Science

What Is the Green Flash? Scientists Still Aren't Totally Sure

That eerie flare sailors see on the horizon isn't a weird explosion going off — it’s a trick of the eye.

Brocken Inaglory

When sailors watch the sun dip under a flat horizon, they sometimes see — just at the last second — a green flash. This phenomenon is known as “Green Flash” and it takes place in an instant. Coastal people and boat people spend a lot of time trying to glimpse this beautiful, fleeting light, so what the hell is it?

Green flashes are basically an optical trick caused by the Earth’s atmosphere, which works like a weak prism. Remember, the air is actually an accumulation of different particles — gases like oxygen and nitrogen, aerosols like water, dust, and organic material. Together, all of this matter causes the light to become scattered and refract into different colors as it moves through the atmosphere.

Green flash in Santa Cruz, California

Brocken Inaglory

Still, you might expect to see a blue flash since blue tends to get refracted the most. But, in the case of a sunrise or sunset, blue is scattered beyond the line of sight. What’s leftover is green, so that’s what we end up seeing. On clear days with clean air, you can expect to see a more stable, more ebullient green flash.

There are actually four variations of green flashes that one might see. The first is the ‘interior-mirage flash’, that looks like a flattened oval, and most often appears when the surface is warmer than the air above it (so it’s best observed when you’re at sea level).
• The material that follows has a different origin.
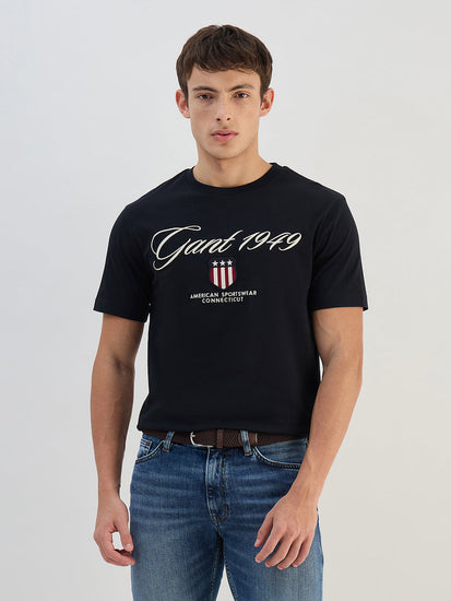 Elevate your everyday style with the GANT Men Black Solid Round Neck Regular Fit T-Shirt. Crafted from high-quality fabric, this classic tee offers a comfortable regular fit that flatters all body types. The timeless black color and solid design make it versatile for any occasion, while the round neckline adds a modern touch. Whether you are dressing it up with a blazer or keeping it casual with jeans, this t-shirt is a wardrobe staple that will keep you looking effortlessly stylish. Upgrade your basics with this must-have piece from GANT.
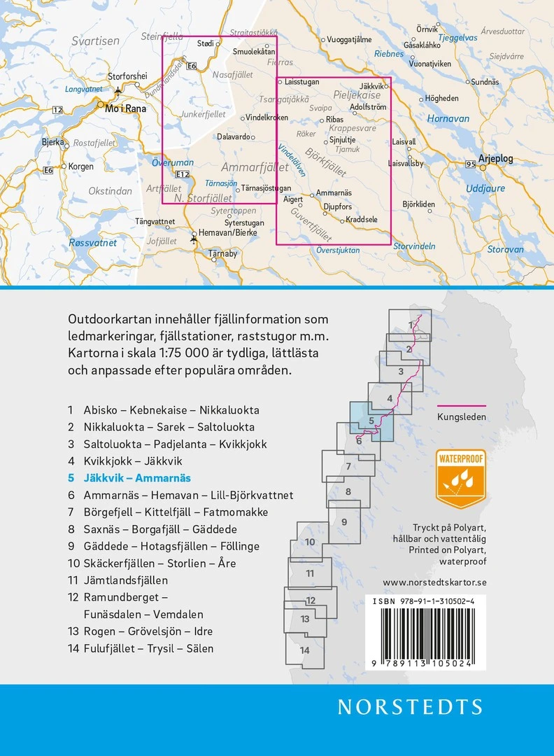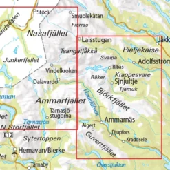 Jäkkvik – Ammarnäs fait partie de la nouvelle série des cartes topographiques Outdoorkarten de l’éditeur suédois Norstedts. La zone de couverture est adaptée à la randonnée en montagne et pour les sports de plein air et les activités outdoor : canoë, patinage, ski de randonnée nordique, etc…. Carte à l’échelle 1:75 000. La carte indique les sentiers d’été et les itinéraires hivernaux, ainsi que les refuges gardés ou non gardés.

This is also called ’Joules’ last glimpse’: in 1869, the English physicist James Prescott Joule wrote a note that described a green flash as manifesting “at the moment of the departure of the sun below the horizon, the last glimpse is coloured bluish green.”

Cloud-top green flash in San Francisco, California.

Brocken Inaglory

The second type of green flash is the “mock-mirage flash,” where the green color seems to be a thin pointy strip at the top rim of the sun. This occurs when the surface is actually colder than the air above and better seen at higher elevations.

Another green flash, the “sub-duct flash,” occurs when the upper part of the sun inexplicably turns green for almost a dozen or so seconds. This also occurs when the surface is colder than the air. A sub-duct flash is best observed at a specific, narrow height interval just below an atmospheric duct, but this can happen at any height.

Mock mirage sunset sequence with green flash, in San Francisco.

Brocken Inaglory

The last type of flash is the “green ray.” A green beam of light shows up just before the sun rises or immediately after the sun goes down, and lasts for several seconds. You need to be in a hazy environment at sea level to see green rays flying around.

The last two are extremely rare to experience — they only make up one percent of green flash reports. Moreover, green flash is still a strange, poorly understood phenomenon — it’s very hard to study, and since there’s no known practical implication to learning more, it’s just kind of a weird thing we don’t completely understand.

Complex mock mirage with green flash, in San Francisco.